Just like the writer and state monads, IO
needs some primitive values like tell
, get
and set
. But, unlike the earlier examples, it doesn't have one primitive value or two primitive values: it has hundreds. Every system call, every runtime functions are all primitive IO
values. getLine
, getChar
, print
... The monad machinery just lets us combine these primitive operations in different ways as well as letting us glue them together with normal (ie pure) Haskell code.
Do-notation
One thing I haven't really mentioned is do-notation, which is some syntax sugar Haskell provides to make code using monads look more like an imperative program. It actually works like the list comprehension, but in reverse:
- do x <- xs
- y <- ys
- return (f x y)
becomes xs >>= \ x -> ys >>= \ y -> return (f x y)

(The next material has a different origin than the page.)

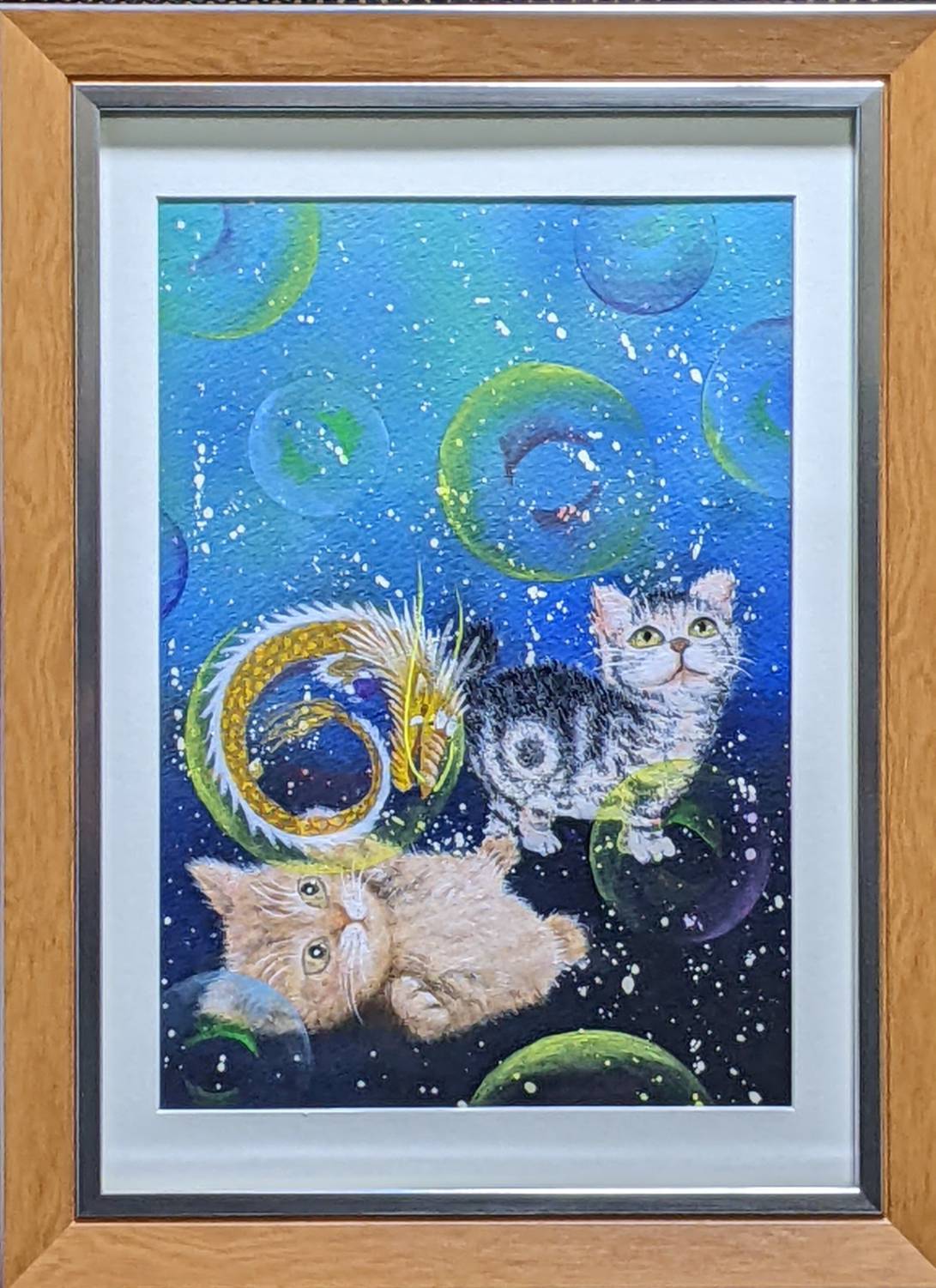 龍神様と猫シリーズ。愛らしい猫ちゃん2匹が龍神様と戯れている、なんとも「ほっこり」してしまう絵です。ご自分のお部屋に飾られてクスッと笑ってみてください。笑う門には福来るですよ。
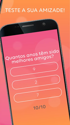 Nesta incrível trivia, calcularemos quanta compatibilidade você tem com seu melhor amigo. Podemos garantir que os resultados irão surpreendê-lo e daqui você verá seu amigo de maneira diferente.

It also allows you to ignore the value of an expression:
- do something
- somethingElse
is the same as
- something >>= \ _ -> somethingElse
This turns every monad into an imperative-looking DSL. Once you understand the stuff I explained above, I think do-notation is quite easy to deal with.
Conclusion
There are actually a whole bunch more monads I haven't talked about. We can use them for parsing, for logic programming, for mutable references, for callCC
... Lots of interesting things.
Moreover, we can actually combine monads. This gives rise to "monad transformers". For example, we can layer Maybe
onto another monad by wrapping the inner monad's functions in checks for Nothing
.
Ultimately, just remember that a monad is a type with several functions defined on it. This type gives us a new way to compose and apply functions with custom behavior during the application/composition "step".
I hope this gives you a good understanding of monads in practice. I know the answer's a bit long, but I've thought a lot about how to explain this idea. I just hope it wasn't too much! I think this is the longest Quora answer I've ever written, by a fair margin :).